I wrote about an undocumented woman and her 11-year-old granddaughter, Clarisa. I wrote about crossing the border illegally with them, a passage they made regularly, and of spending the night at their home in Mexico. I wrote about the monsoon that swept through and caused the Rio Grande to rise so high that on my return to Texas, I would have to cross the river on two steel cables dangling across its width. I wrote about this in the framework of border policy and how much it has changed since 9/11. The story fit the narrative.

After the storm, Clarisa took me by the hand and we walked down the road to watch an arroyo rush through the center of town. Her sandal had gotten stuck in the muddy undertow of the current and then bobbed up to the surface, suddenly swept away, and I ran along the arroyo’s edge to catch it. Later on our walk, Clarisa found a small, dead bird — a casualty of the short but violent storm — and dug its grave. She signaled the cross and said a prayer.

I did not write about how, before I left again, she asked me not to be like the other woman, an artist who’d come and taken her photograph but never returned to see her.

“Come visit me,” Clarisa said. “Of course I will,” I said, and meant it. I did not write about how I didn’t keep that promise.

How could I begin to characterize the hyphen between Mexican-American?

Nor did I write about Pilly, the ancient man who’d drive his teal truck 10 mph along the 50 mph road that ran in front of my home. The first time I got stuck behind him in my car, I gritted my teeth until he slowly pulled over along the shoulder of the road. As I pulled past him, I caught a glimpse: a tiny, wrinkled man with a bone-colored cowboy hat, straining to peer over his steering wheel, his gnarled hand raised in an effort to block out the setting sun. Beside him in the passenger seat was his wife, casually paging through a newspaper.
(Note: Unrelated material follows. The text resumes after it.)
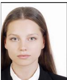
Subject is not centered

Photographs that do not meet the specifications listed above.
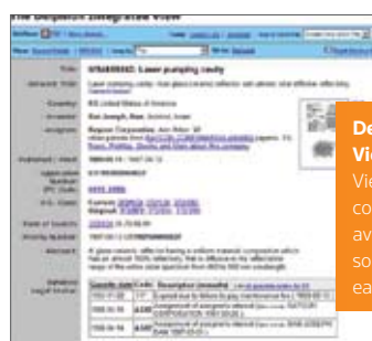
Delphion Integrated View The Delphion Integrated View gives you the most complete patent record available. Data from multiple sources come together in one easy-to-scan view.

I did not write about the group of 12 children who stood uncertainly on the side of the road in the middle of town one afternoon, as a white-and-green Border Patrol van drove up to process and detain them. One girl, no older than 6, carried a toddler on her back and clenched the hand of another child as she climbed aboard, her fist shiny white but dirty like a bulb of garlic torn from the soil.
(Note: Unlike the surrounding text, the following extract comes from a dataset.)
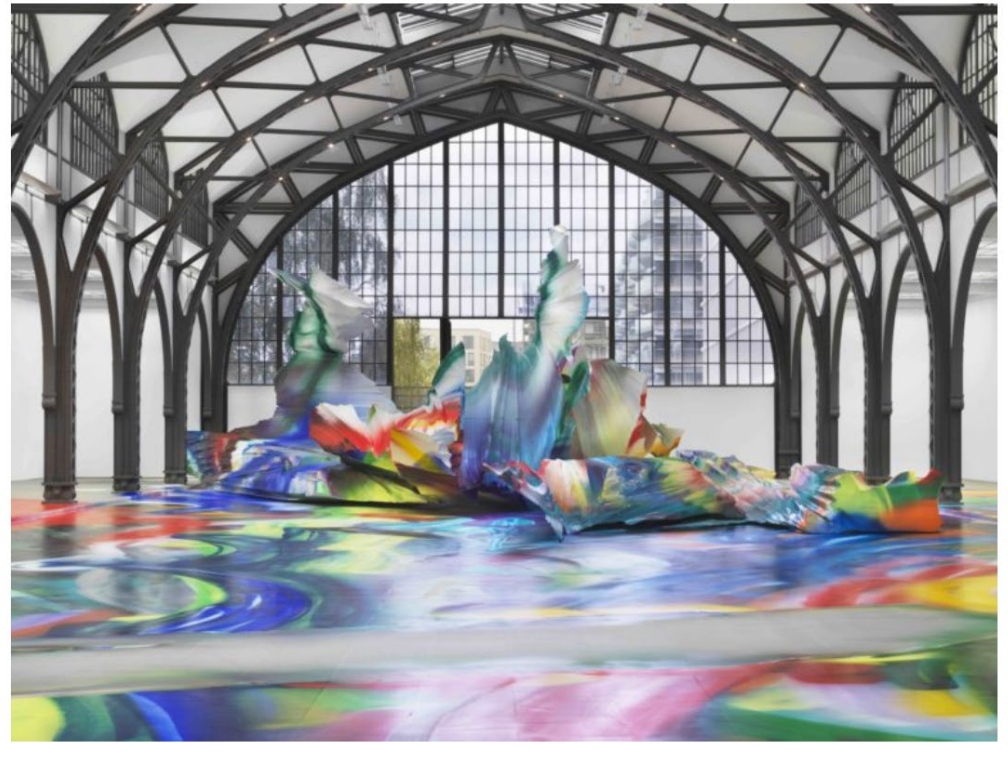
Katharina Grosse, "It Wasn't Us," 2020, Hamburger Bahnhof – Museum für Gegenwart – Berlin

KG: In early 2020, it gave me more time to paint my show for the Hamburger Bahnhof in Berlin. The museum became my studio for two months. I was also able to stay in my New Zealand studio for half a year, uninterrupted. But then, in the second year of the pandemic, everything became more chaotic, shows were postponed, and international collaborations were difficult with Zoom as the only meeting place.

I did not write about my neighbor, Mr. Torres, hard of hearing and sight and sick with cancer, who would sit on his porch and sing to his dog variations of the song from Casablanca, “As Time Goes By.” “A dog is just a dog, a cat is just a cat,” Mr. Torres sang to its melody. At night, when I’d step outside to smoke a cigarette, I could hear the sounds of the old Westerns he’d watch at top volume on his television. Sometimes I just heard the mechanical sigh of his oxygen machine.

I did not write about getting stranded in Mexico yet again after a storm, the road home washed away by an arroyo, and how I waited indecisively, calculating whether I might be able to cross in my tiny car, or if I’d get swept away like Clarisa’s sandal. A man pulled up beside me in a truck and asked if I needed help getting across. He let another passenger in the car drive his truck, while he took the wheel of mine, navigating with ease across the rushing water.

I didn’t write about the traces of humanity that seemed to pervade these borderlands. I didn’t write about them, but now, as I lie awake at night with New York City’s noisy exhale rushing in my bedroom window, that’s all I can remember.